Stop Doing That: Why Parents Sometimes Need to Get Out of the Way
Parents naturally want to help their children succeed. When a child is struggling - whether with school, friendships, anxiety, or motivation - the instinct is often to step in, solve problems, and remove obstacles. Over the years, both as a teacher and now as a therapist, I've found that some of the most effective parenting advice can be surprisingly simple: Stop doing that.

I spent nearly two decades teaching health before becoming a therapist. Throughout my career, I've been less interested in telling young people what to think and more interested in helping them learn how to think through challenges for themselves. Today, I bring that same philosophy to my work with adolescents and families.
One lesson I've learned repeatedly is that parents often unintentionally make problems more complicated than they need to be. In parenting groups, I frequently hear parents describe elaborate systems they've created to help their children succeed: special study spaces, carefully selected planners, constant reminders, and ongoing monitoring of schoolwork. While these efforts come from a place of love, they often shift responsibility away from the child and onto the parent.

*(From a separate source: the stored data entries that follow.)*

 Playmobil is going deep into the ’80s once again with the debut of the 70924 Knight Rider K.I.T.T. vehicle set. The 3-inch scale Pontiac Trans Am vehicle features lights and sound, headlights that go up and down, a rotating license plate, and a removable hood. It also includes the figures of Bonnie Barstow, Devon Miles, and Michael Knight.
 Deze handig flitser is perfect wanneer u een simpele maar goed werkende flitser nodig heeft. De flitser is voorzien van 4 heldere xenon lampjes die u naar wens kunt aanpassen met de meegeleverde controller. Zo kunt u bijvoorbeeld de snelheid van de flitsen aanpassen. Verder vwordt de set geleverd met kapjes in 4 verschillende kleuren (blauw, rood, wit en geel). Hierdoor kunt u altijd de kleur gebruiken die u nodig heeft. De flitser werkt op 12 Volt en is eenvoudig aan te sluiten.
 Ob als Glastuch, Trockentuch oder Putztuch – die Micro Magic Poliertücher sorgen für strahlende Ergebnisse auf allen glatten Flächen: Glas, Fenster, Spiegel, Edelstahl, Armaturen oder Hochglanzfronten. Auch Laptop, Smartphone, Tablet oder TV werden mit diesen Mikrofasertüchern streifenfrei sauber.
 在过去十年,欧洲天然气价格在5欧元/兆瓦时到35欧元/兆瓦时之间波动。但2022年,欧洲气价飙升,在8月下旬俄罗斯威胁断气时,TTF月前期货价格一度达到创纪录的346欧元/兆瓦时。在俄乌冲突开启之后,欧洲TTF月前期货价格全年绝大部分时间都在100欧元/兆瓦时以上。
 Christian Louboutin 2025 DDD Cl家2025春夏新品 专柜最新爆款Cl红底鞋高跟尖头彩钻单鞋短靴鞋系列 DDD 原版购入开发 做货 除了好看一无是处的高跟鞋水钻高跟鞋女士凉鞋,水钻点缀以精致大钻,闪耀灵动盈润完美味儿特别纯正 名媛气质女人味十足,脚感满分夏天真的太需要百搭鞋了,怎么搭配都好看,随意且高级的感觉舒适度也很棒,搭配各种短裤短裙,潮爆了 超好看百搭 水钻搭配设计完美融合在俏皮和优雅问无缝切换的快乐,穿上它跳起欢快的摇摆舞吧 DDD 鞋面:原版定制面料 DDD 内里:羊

I once worked with a mother who was deeply concerned about her daughter's academic performance. Week after week, she described new strategies she was implementing to help her daughter complete homework and improve grades. She found the perfect desk. Then the perfect planner. Then the perfect pens.
As we talked, it became clear that we were focusing on the wrong problem. So I gave her some rather simple advice:
"Stop doing that."
The point wasn't that she should stop caring. Quite the opposite. What I saw was a parent working incredibly hard to solve a problem that ultimately belonged to her daughter. By managing every detail, she was preventing her daughter from experiencing the natural consequences of her choices and learning how to navigate challenges independently.

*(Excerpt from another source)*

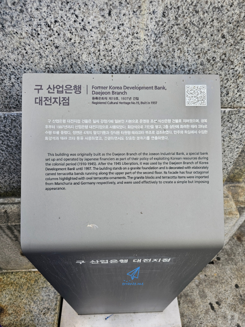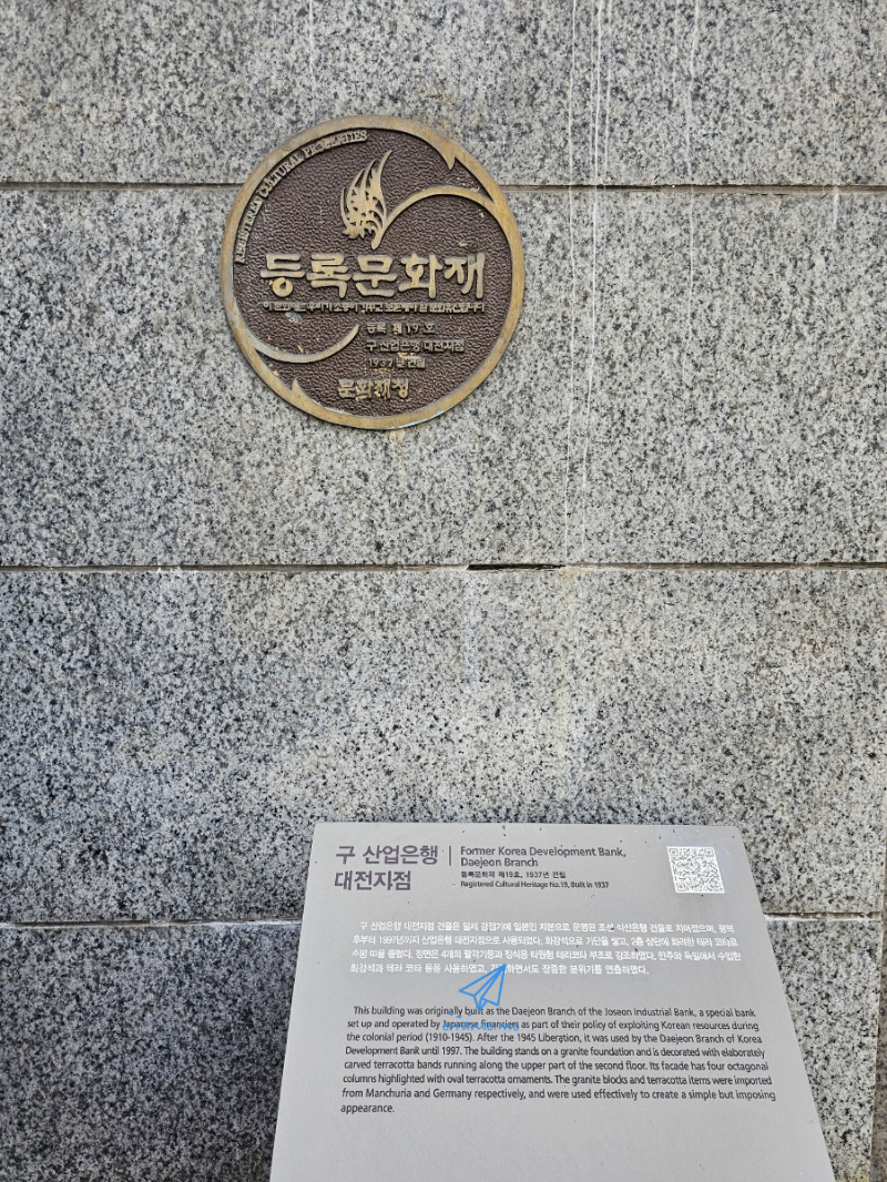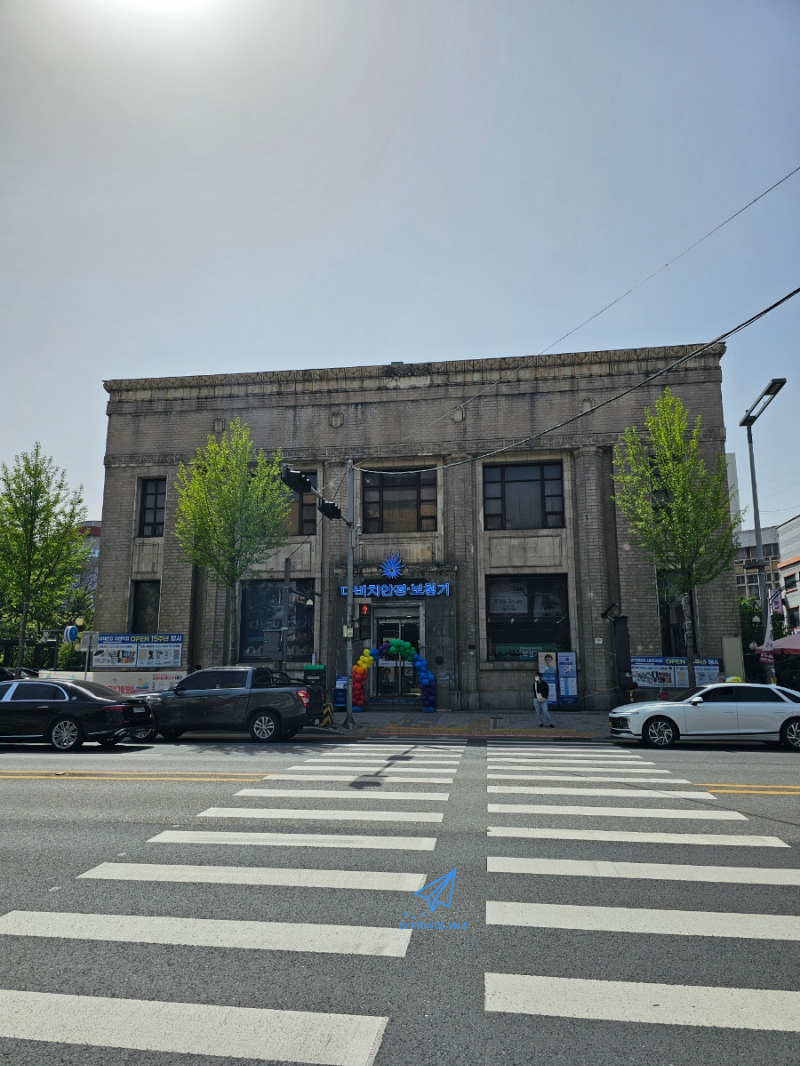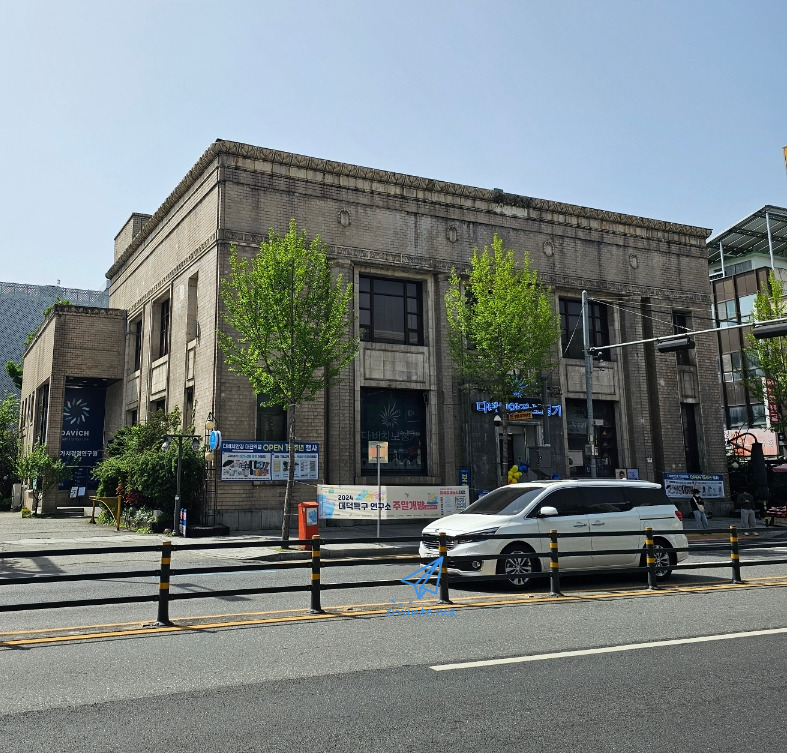중앙시장을 빠져나오면 화려한 분위기의 오래된 건물이 보입니다. 지금은 다비치 안경원이 입점해 있는데 원래는 옛 산업은행의 대전지점으로 사용된 건물입니다. 일제 강점기 일본인이 세운 조선 식산은행 건물로 지어졌고 광복 후 1997년까지 산업은행 대전지점이 들어와 있었습니다.

This reflects a broader principle we often discuss at Direction Behavioral Health: maximum support, minimum interference. Parents can remain loving, supportive, and involved while still allowing their children to face the outcomes of their decisions. If a student doesn't complete homework, the resulting grade becomes valuable feedback. If a teenager is struggling socially or emotionally, the goal is not to eliminate every discomfort but to help them develop the skills to manage those difficulties themselves.
One of the greatest risks of excessive involvement is the impact it can have on the parent-child relationship. When parents constantly monitor, remind, pressure, or control, interactions begin revolving around performance rather than connection. Conversations become about grades, assignments, or behavior instead of understanding the child as a person. Over time, children may become less likely to seek support when they genuinely need it because they associate their parents with pressure rather than partnership.

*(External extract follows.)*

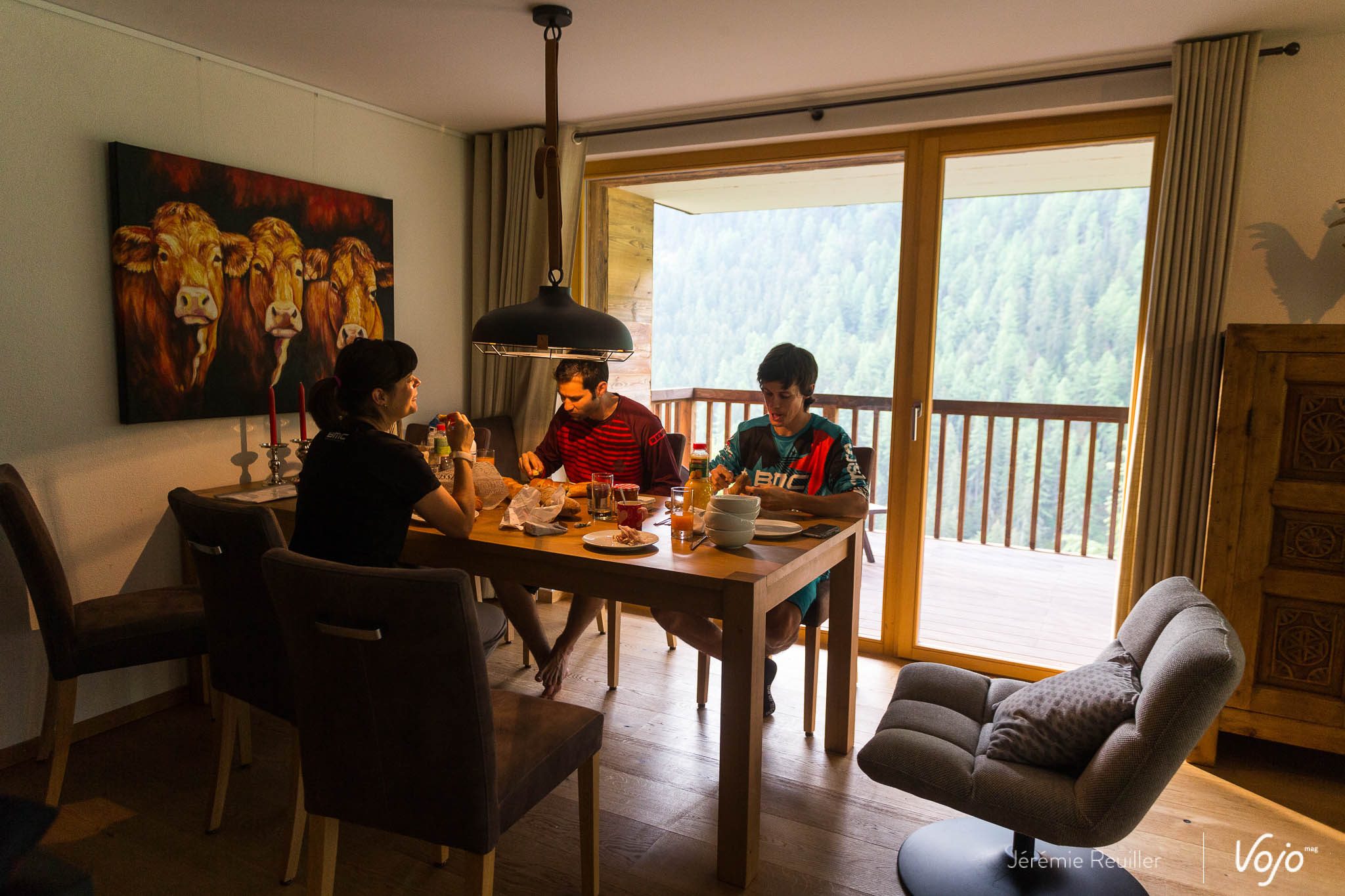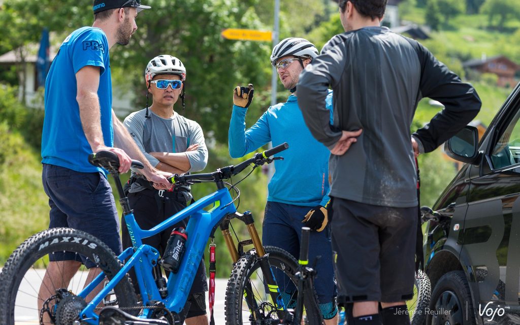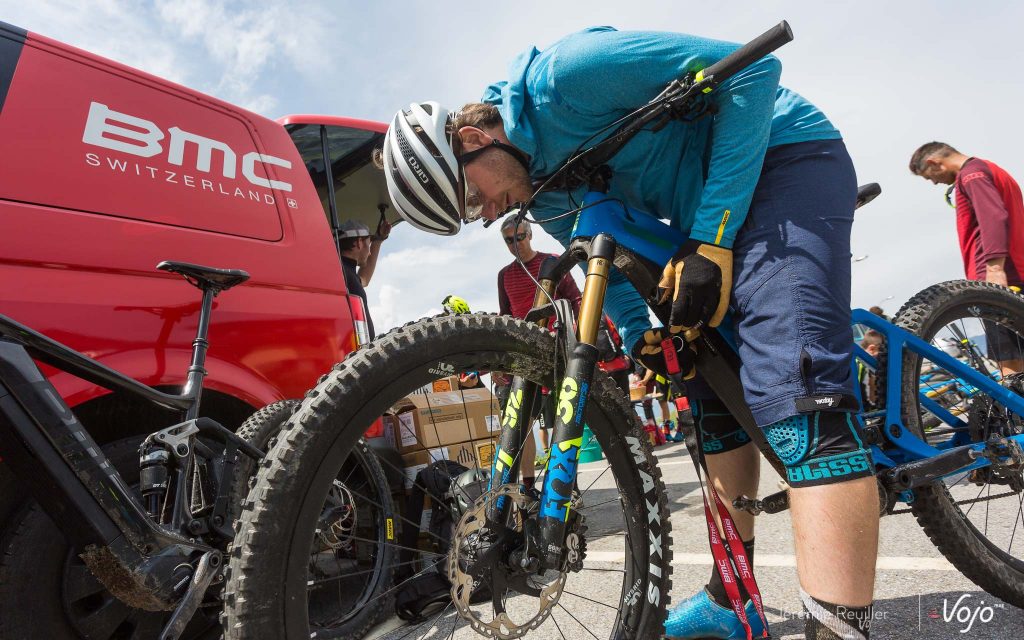 Après un petit déjeuner copieux dans les agréables chalets « Les Rahas » en compagnie de l’équipe BMC et du pilote maison Ludo May, il est temps de procéder aux réglages de l’engin.

I've observed this shift not only as a therapist but also as an educator. Over the years, parents gained increasing access to their children's academic lives through online grade portals and real-time school updates. While that visibility can be helpful, the trade-off is that it sometimes replaces direct conversations between parents and children. Instead of asking, "How's school going?" parents may focus on what they're seeing online, turning academic performance into the primary measure of well-being.
The solution is not to become uninvolved. Rather, I encourage parents to focus on their long-term goals for their children. Before stepping in, it can be helpful to ask: Will this action help my child develop the skills necessary to become a capable, healthy, independent adult five or ten years from now?
Often, the actions that provide immediate relief in the short term can create greater challenges in the long term. Rescuing a child from every mistake may prevent them from developing resilience, responsibility, and problem-solving skills. Allowing them to struggle, while offering support and guidance, gives them the opportunity to learn.
Parenting will always involve difficult decisions and uncomfortable moments. Watching a child fail, make mistakes, or experience disappointment is never easy. I don't want to minimize how painful that can be. At the same time, some of the most meaningful growth happens when parents resist the urge to fix everything and instead create space for their children to learn from their experiences.
Sometimes, the most supportive thing a parent can do is not to do more, but to do less. In the end, our children grow not from what we do for them, but from what they learn to do for themselves.